# Data reduction by PCA

Here, we characterize the data compression benefits of projection onto a subset of the eigenvectors of our traffic system’s covariance matrix.  We address this compression from two different perspectives:  First, we consider the partial traces of the covariance matrix, and second we present visual comparisons of the actual vs. projected traffic plots.

Partial traces:  From the footnote to our last post, we have $\text{Tr}(H^{-1}) \equiv$ $\sum_i e_i$$= \sum_a \left (\delta v_a \right)^2$. That is, the trace of the covariance matrix tells us the net variance in our traffic system’s speed, summed over all loops. More generally$^1$, the fraction of system variance contained within some subset of the modes is given by the eigenvalue sum over these modes, all divided by $\text{Tr}(H^{-1})$.  The eigenvalues thus provide us with a simple method for quantifying the significance of any particular mode.  At right, is a log-log-plot of the fractional-variance-captured for each mode, ordered from largest to smallest (we also include analogous plots for the covariance matrix associated with just one week and one month$^2$)  As shown, the eigenvalues decay like one over eigenvalue index at first, but eventually begin to decay much more quickly.   Only 5 modes are needed to capture 50% of the variance; 25 for 65%; 793 for 95%.

Visualizations:  The above discussion suggests that the basic essence of a given set of traffic conditions is determined by only the first few modes, but that a large number might be needed to get correct all details.  We tested this conclusion by visually inspecting plots of projected traffic conditions (again, for Jan 15, at 5:30 pm), and comparing across number of modes retained.  The results are striking:  upon projecting the 2,000+ original features to only 25, minimal error appears to be introduced.  Further, the error that does occur tends to be highly localized to the particularly slow regions, where projected speeds are overestimates (e.g., the traffic jams east/south-bound out of Oakland).  Increasing the mode count to 100 or greater, these problem spots are quickly ameliorated, and the error is no longer systematic in slow regions (see insets).

See below for a slideshow of these results.

//
Conclusions:   The data provided by the PEMS system is highly redundant — as anticipated — in the sense that traffic conditions can be determined from far fewer measurements than it provides.  If other states wanted to replicate this system, they could probably get away with reducing the number of measures by at least one order of magnitude per mile of highway.  For our part, we intend to project our data onto the top 10% of the modes, or fewer:  We anticipate that this will provide minimal loss, but substantial speedups.

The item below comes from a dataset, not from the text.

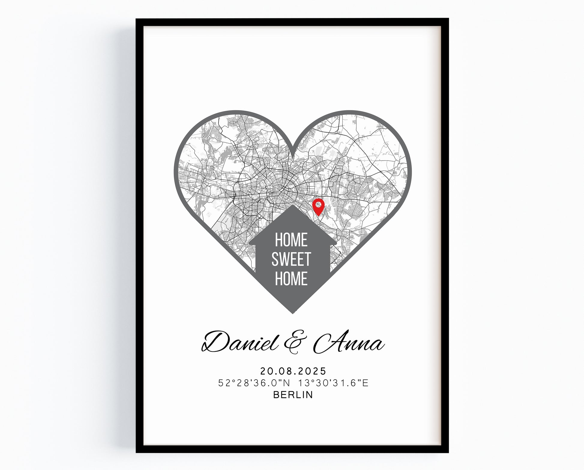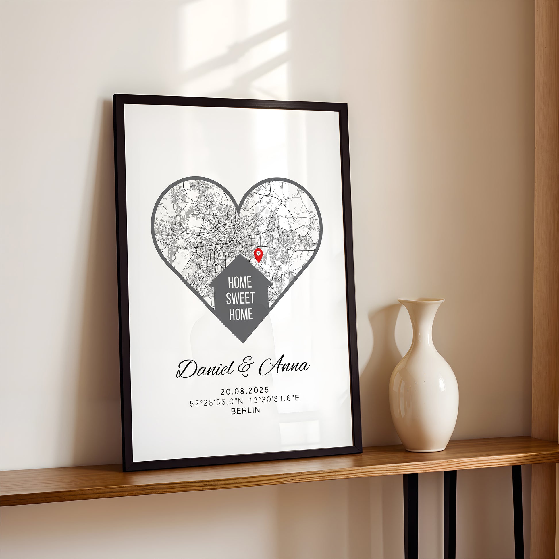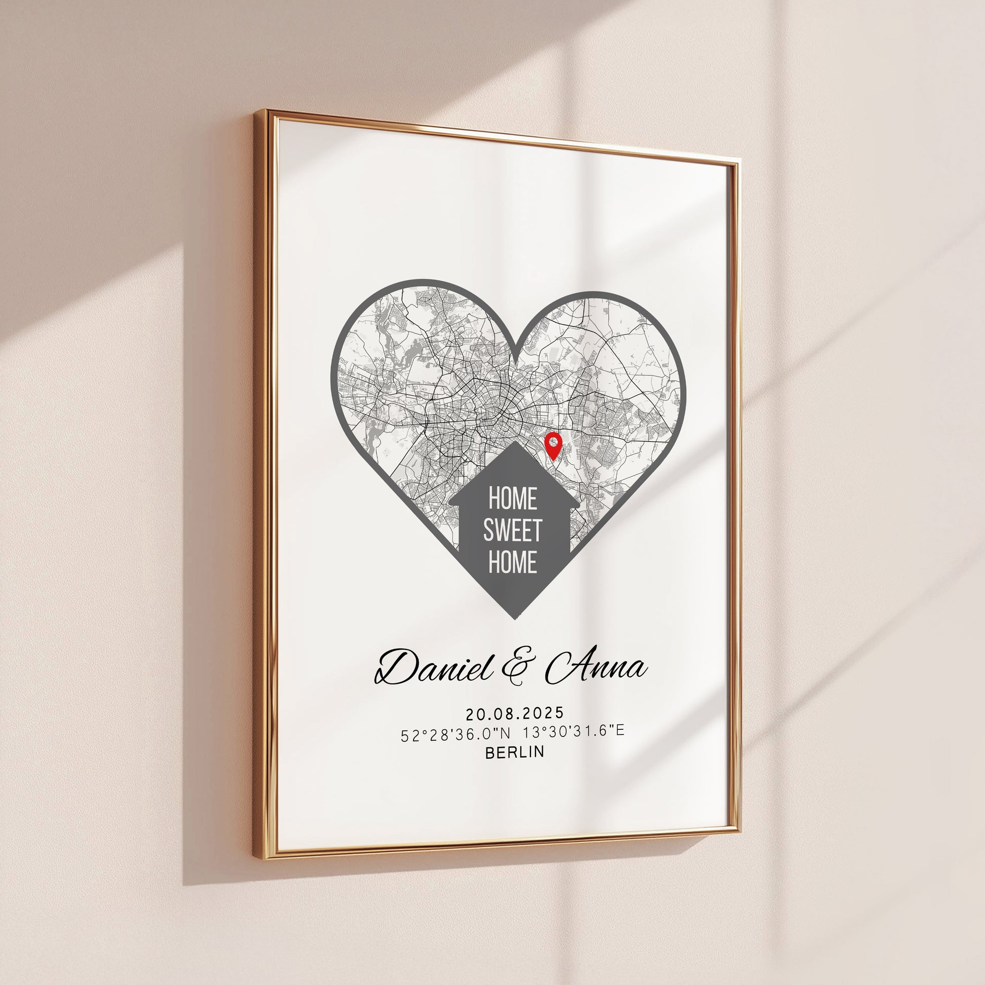 Personalisierte Stadtkarte mit Wunschort und „Home sweet home“-Schriftzug – das perfekte Einzugsgeschenk oder Erinnerungsstück für das neue Zuhause✨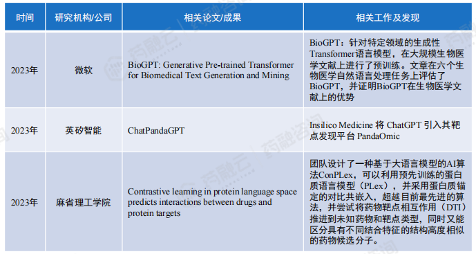 基于大型语言模型的聊天功能,如微软的BioGPT和Insilico Medicineiv的ChatPandaGPT,通过对从数百万论文中提取的大量文本数据进行预训练,可以将疾病、基因和生物过程联系起来,从而快速识别疾病发生和进展的生物学机制,并发现潜在的药物靶点和生物标志物。

[1]  Partial eigenvalue sums, physics perspective:  Consider suppressing all modes that you don’t want to include in a projection.  This can be done by setting the energies of these modes to $\infty$, which will result in their corresponding $H^{-1}$  eigenvalues going to zero.  When this altered system is thermally driven, its variance will again be given its covariance trace.  This altered system trace is precisely equal to the retained mode partial sum of the original matrix.

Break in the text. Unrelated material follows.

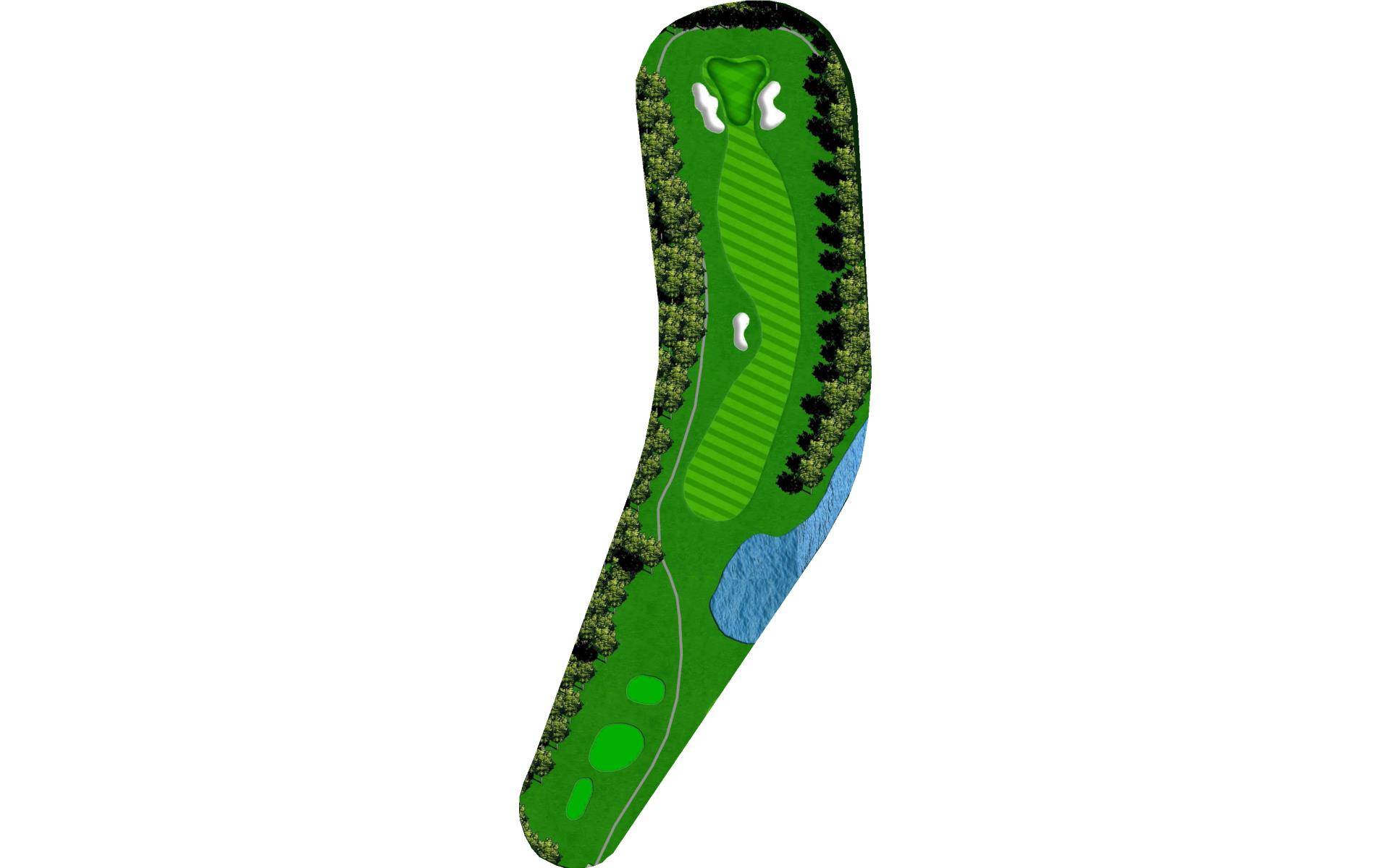 | Focus on accuracy off the tee on this straight par 4 to miss the water on the right, and continue to be accurate as you approach the horseshoe green. |

[2] Sampling time dependence of covariance matrix:  The first figure above shows the mode variance ratio for the first 1000 principal components over three time scales: 1 week, 1 month, and 2014 year to date (~9.5 months).   Notice that the plots become more shallow given a longer sampling period. This is because the larger data sets exhibit a more diverse class of fluctuations, and more modes are needed to capture these.